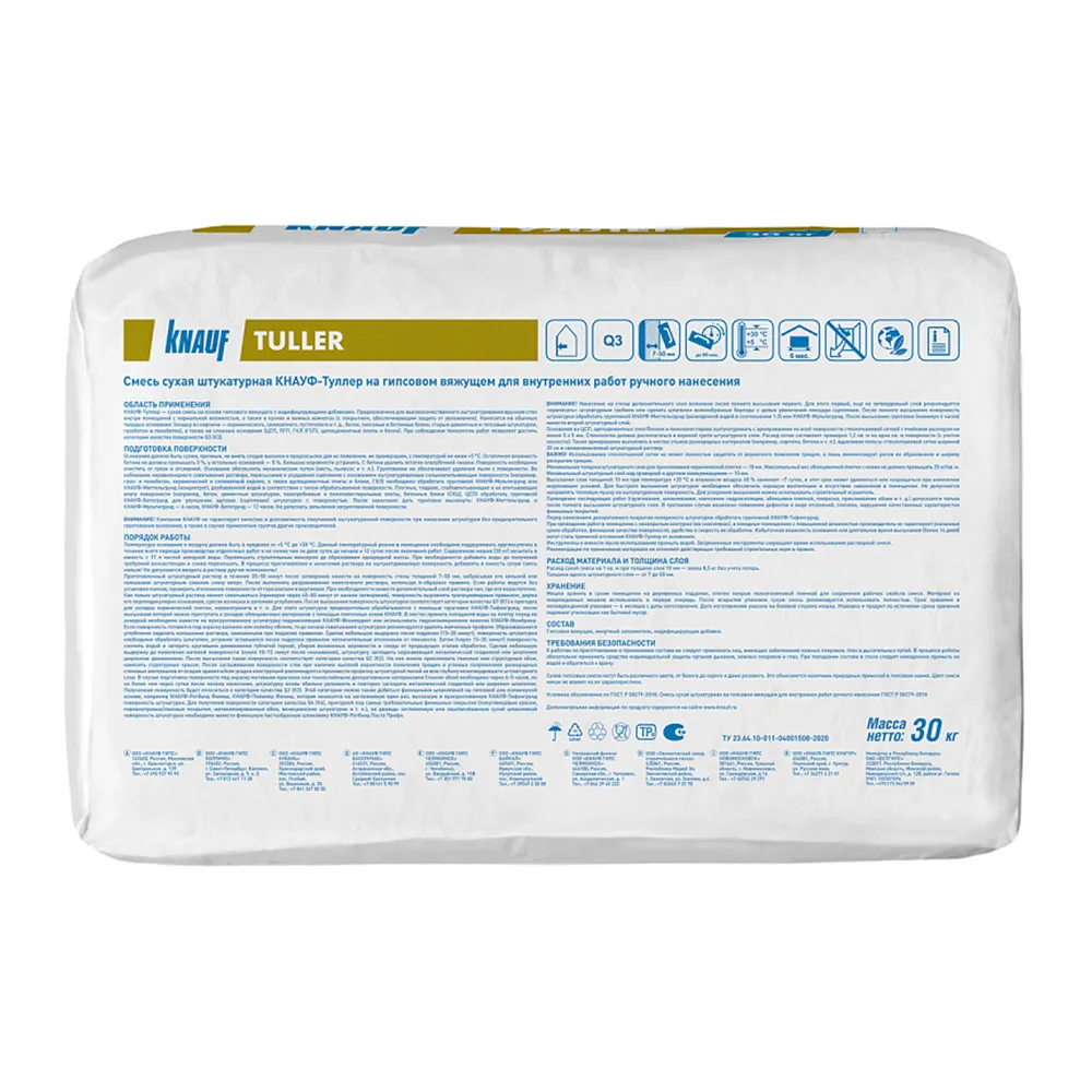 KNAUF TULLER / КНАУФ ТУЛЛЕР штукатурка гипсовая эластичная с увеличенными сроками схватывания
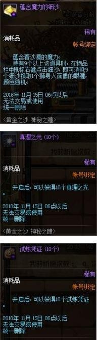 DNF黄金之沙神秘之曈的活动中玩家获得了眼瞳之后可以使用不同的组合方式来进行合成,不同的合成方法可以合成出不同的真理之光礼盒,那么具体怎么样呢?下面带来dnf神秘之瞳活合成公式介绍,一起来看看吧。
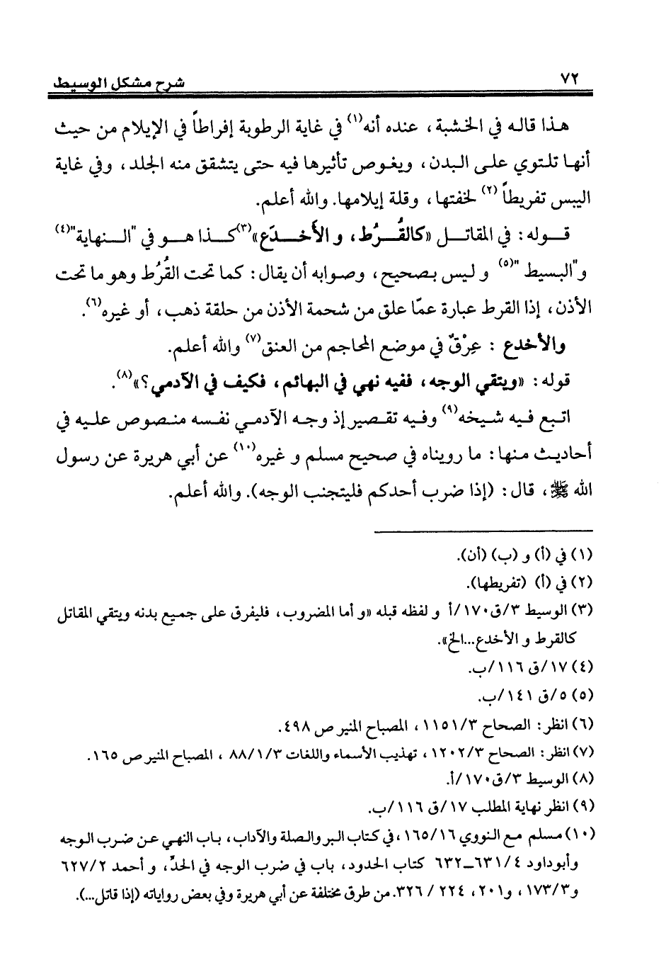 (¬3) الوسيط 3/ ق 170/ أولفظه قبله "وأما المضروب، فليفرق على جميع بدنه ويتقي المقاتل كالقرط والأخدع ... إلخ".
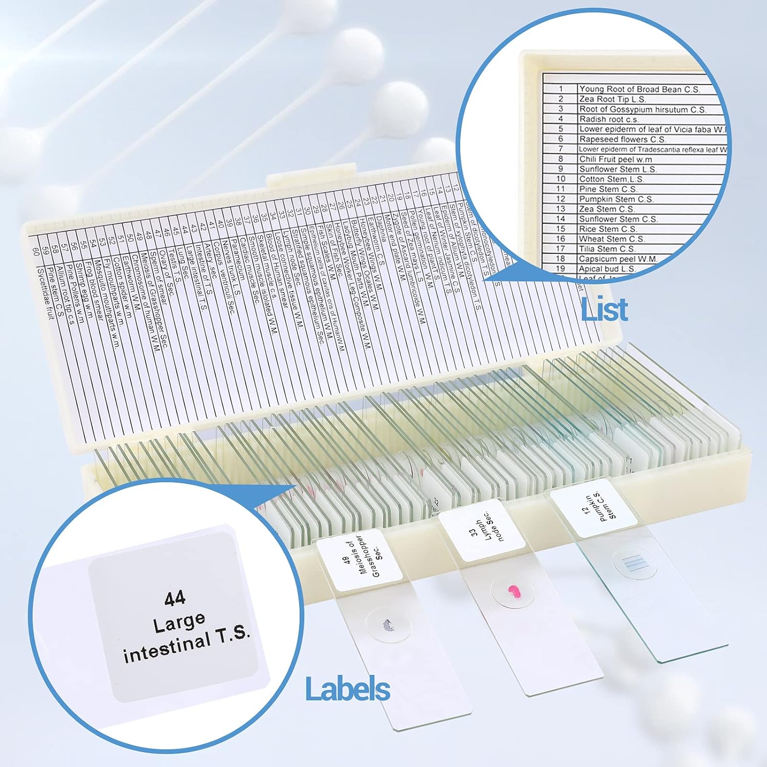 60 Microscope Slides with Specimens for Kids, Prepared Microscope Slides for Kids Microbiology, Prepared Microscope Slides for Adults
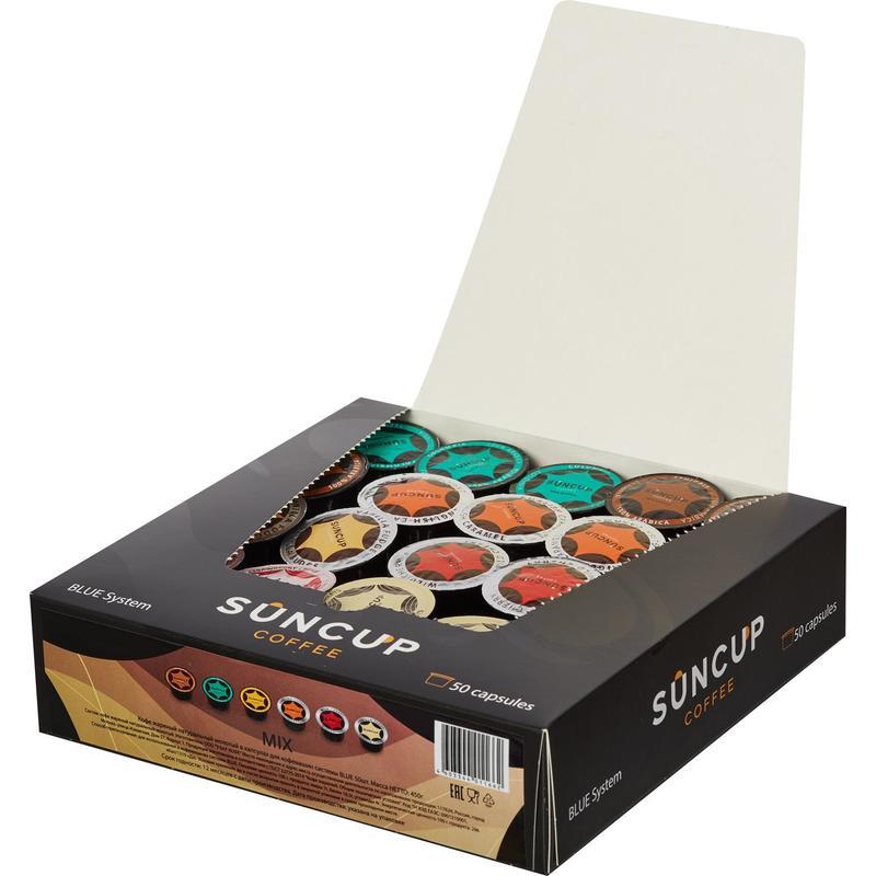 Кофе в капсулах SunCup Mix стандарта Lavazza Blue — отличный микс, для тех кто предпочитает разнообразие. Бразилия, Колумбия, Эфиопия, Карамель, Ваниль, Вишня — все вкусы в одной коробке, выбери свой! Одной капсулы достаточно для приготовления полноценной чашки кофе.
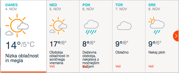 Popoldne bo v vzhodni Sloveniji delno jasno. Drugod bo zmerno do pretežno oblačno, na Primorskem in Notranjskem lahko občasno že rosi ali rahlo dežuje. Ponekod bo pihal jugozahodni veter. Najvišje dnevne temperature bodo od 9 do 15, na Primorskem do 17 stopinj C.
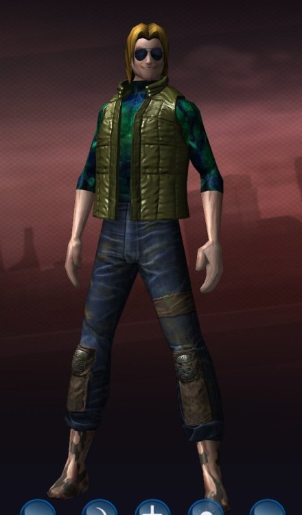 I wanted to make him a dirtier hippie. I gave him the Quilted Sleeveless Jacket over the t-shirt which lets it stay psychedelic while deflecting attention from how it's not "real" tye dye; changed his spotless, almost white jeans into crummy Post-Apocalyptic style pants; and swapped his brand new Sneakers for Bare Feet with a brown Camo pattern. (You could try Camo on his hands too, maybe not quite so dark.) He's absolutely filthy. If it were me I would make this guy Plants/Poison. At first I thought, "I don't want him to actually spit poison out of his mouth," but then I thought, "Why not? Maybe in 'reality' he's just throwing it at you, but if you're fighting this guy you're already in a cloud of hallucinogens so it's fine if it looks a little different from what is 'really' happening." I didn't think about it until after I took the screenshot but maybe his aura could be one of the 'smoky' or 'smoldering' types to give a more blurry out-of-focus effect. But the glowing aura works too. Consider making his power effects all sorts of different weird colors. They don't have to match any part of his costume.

● **WORK ITEM**
Output every entry verbatim. Pictures do not belong in the copy.

● **REPLY**
 KNAUF TULLER / КНАУФ ТУЛЛЕР штукатурка гипсовая эластичная с увеличенными сроками схватывания
 DNF黄金之沙神秘之曈的活动中玩家获得了眼瞳之后可以使用不同的组合方式来进行合成,不同的合成方法可以合成出不同的真理之光礼盒,那么具体怎么样呢?下面带来dnf神秘之瞳活合成公式介绍,一起来看看吧。
 (¬3) الوسيط 3/ ق 170/ أولفظه قبله "وأما المضروب، فليفرق على جميع بدنه ويتقي المقاتل كالقرط والأخدع ... إلخ".
 60 Microscope Slides with Specimens for Kids, Prepared Microscope Slides for Kids Microbiology, Prepared Microscope Slides for Adults
 Кофе в капсулах SunCup Mix стандарта Lavazza Blue — отличный микс, для тех кто предпочитает разнообразие. Бразилия, Колумбия, Эфиопия, Карамель, Ваниль, Вишня — все вкусы в одной коробке, выбери свой! Одной капсулы достаточно для приготовления полноценной чашки кофе.
 Popoldne bo v vzhodni Sloveniji delno jasno. Drugod bo zmerno do pretežno oblačno, na Primorskem in Notranjskem lahko občasno že rosi ali rahlo dežuje. Ponekod bo pihal jugozahodni veter. Najvišje dnevne temperature bodo od 9 do 15, na Primorskem do 17 stopinj C.
 I wanted to make him a dirtier hippie. I gave him the Quilted Sleeveless Jacket over the t-shirt which lets it stay psychedelic while deflecting attention from how it's not "real" tye dye; changed his spotless, almost white jeans into crummy Post-Apocalyptic style pants; and swapped his brand new Sneakers for Bare Feet with a brown Camo pattern. (You could try Camo on his hands too, maybe not quite so dark.) He's absolutely filthy. If it were me I would make this guy Plants/Poison. At first I thought, "I don't want him to actually spit poison out of his mouth," but then I thought, "Why not? Maybe in 'reality' he's just throwing it at you, but if you're fighting this guy you're already in a cloud of hallucinogens so it's fine if it looks a little different from what is 'really' happening." I didn't think about it until after I took the screenshot but maybe his aura could be one of the 'smoky' or 'smoldering' types to give a more blurry out-of-focus effect. But the glowing aura works too. Consider making his power effects all sorts of different weird colors. They don't have to match any part of his costume.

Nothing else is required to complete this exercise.